▸ WHAT IS REQUIRED: In the copy, leave out the pictures and repeat all records exactly.

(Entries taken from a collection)

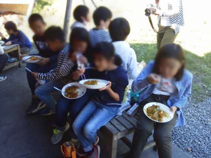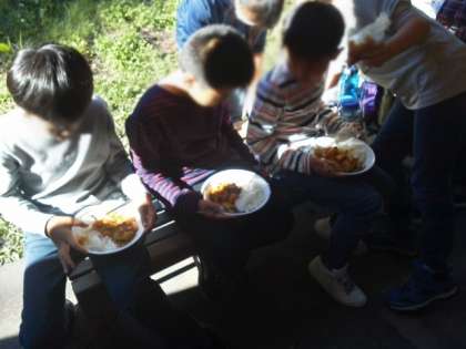 晩御飯には早いけれど、美味しいカレーをいただいています。お友達と作ったカレーは、やはりひと味違います。(16:15ころ)
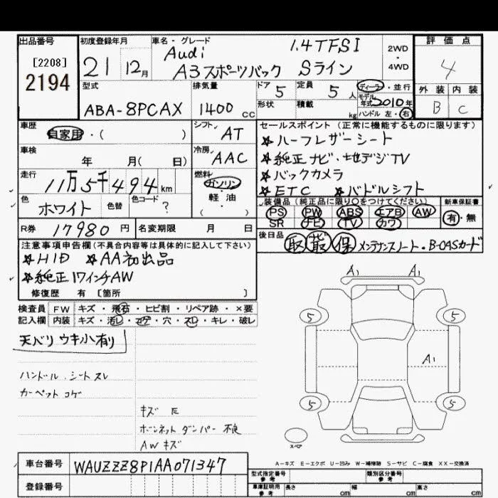 Audi A3 с аукциона Японии JU Saitama лот № 2194
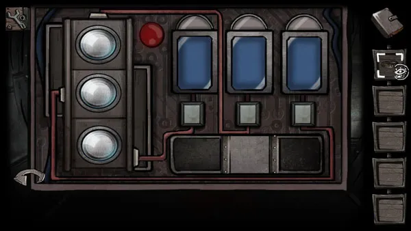 往左之后,我们会见到一个门,门上有一个由楼主不知道的某种密码锁锁着,锁上门有三个灯闪动,灯还连着不同的按钮,很多玩家老爷就说:简单嘛,就是按灯亮顺序点按钮。【其实,灯会连着亮两遍的,别被第一遍误解了,密码可不仅仅按一遍哦】
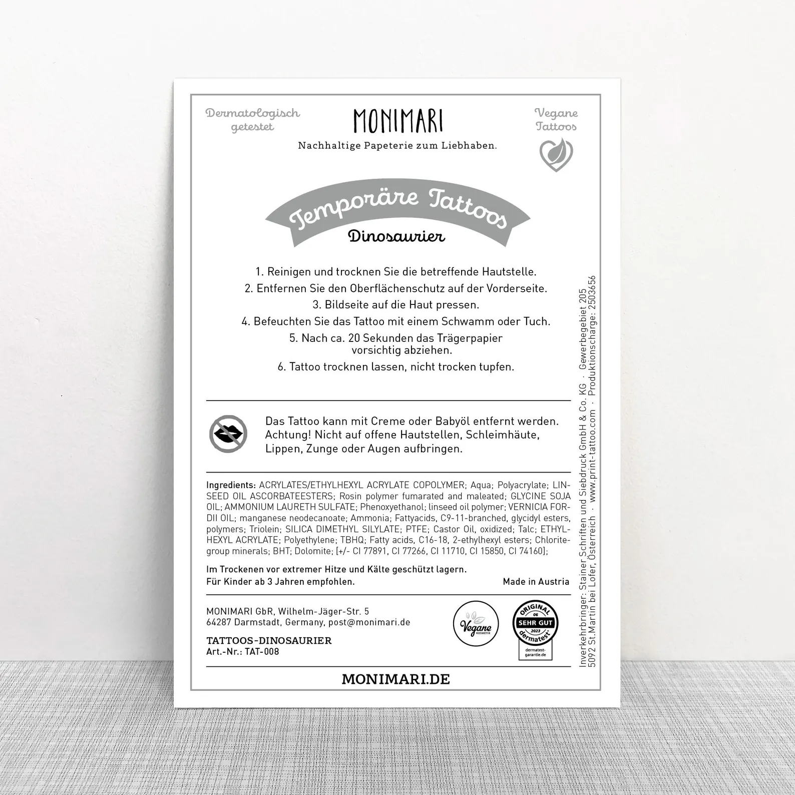 | Lieferumfang | 1x Tattoos "Dinosaurier" von Monimari Achtung: Karten und Deko sind nicht im Lieferumfang enthalten. |
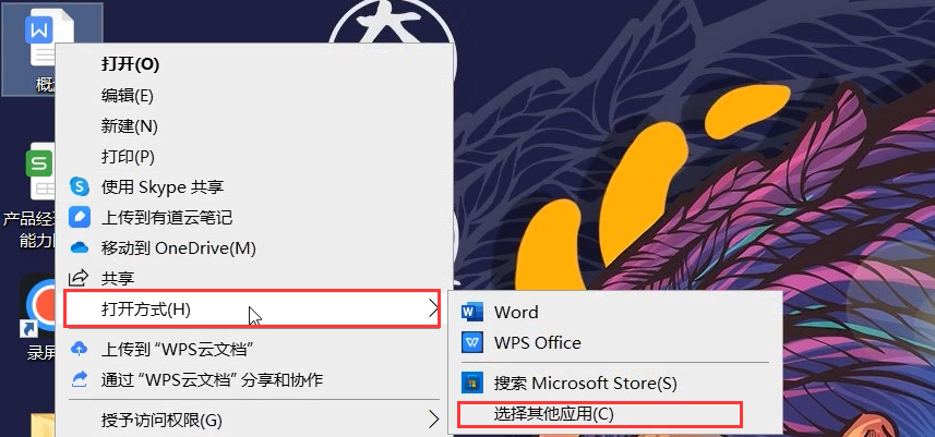 1.单击右键任一电子文档,在弹出的菜单中选择“打开方式-选择其他应用”命令。
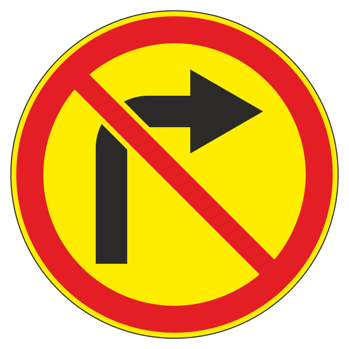 Дорожный знак 3.18.1 «Поворот направо запрещен» (временный) (металл 0,8 мм, II типоразмер: диаметр 700 мм, С/О пленка: тип А инженерная) в Ульяновске купить
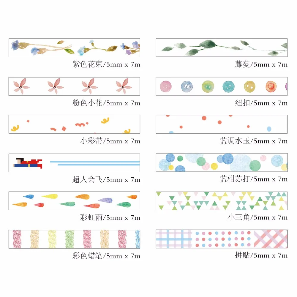 This decorative tape comes in various sizes and thousands upon thousands of different prints. There are check boxes, days of the week, holidays, animations, cutesy things, and so many other things that are printed on these tapes. There are cloth varieties and some that are more of a slick surfaced tape. They can be written on (usually with a Sharpie marker).

▸ ANSWER:
 晩御飯には早いけれど、美味しいカレーをいただいています。お友達と作ったカレーは、やはりひと味違います。(16:15ころ)
 Audi A3 с аукциона Японии JU Saitama лот № 2194
 往左之后,我们会见到一个门,门上有一个由楼主不知道的某种密码锁锁着,锁上门有三个灯闪动,灯还连着不同的按钮,很多玩家老爷就说:简单嘛,就是按灯亮顺序点按钮。【其实,灯会连着亮两遍的,别被第一遍误解了,密码可不仅仅按一遍哦】
 | Lieferumfang | 1x Tattoos "Dinosaurier" von Monimari Achtung: Karten und Deko sind nicht im Lieferumfang enthalten. |
 1.单击右键任一电子文档,在弹出的菜单中选择“打开方式-选择其他应用”命令。
 Дорожный знак 3.18.1 «Поворот направо запрещен» (временный) (металл 0,8 мм, II типоразмер: диаметр 700 мм, С/О пленка: тип А инженерная) в Ульяновске купить
 This decorative tape comes in various sizes and thousands upon thousands of different prints. There are check boxes, days of the week, holidays, animations, cutesy things, and so many other things that are printed on these tapes. There are cloth varieties and some that are more of a slick surfaced tape. They can be written on (usually with a Sharpie marker).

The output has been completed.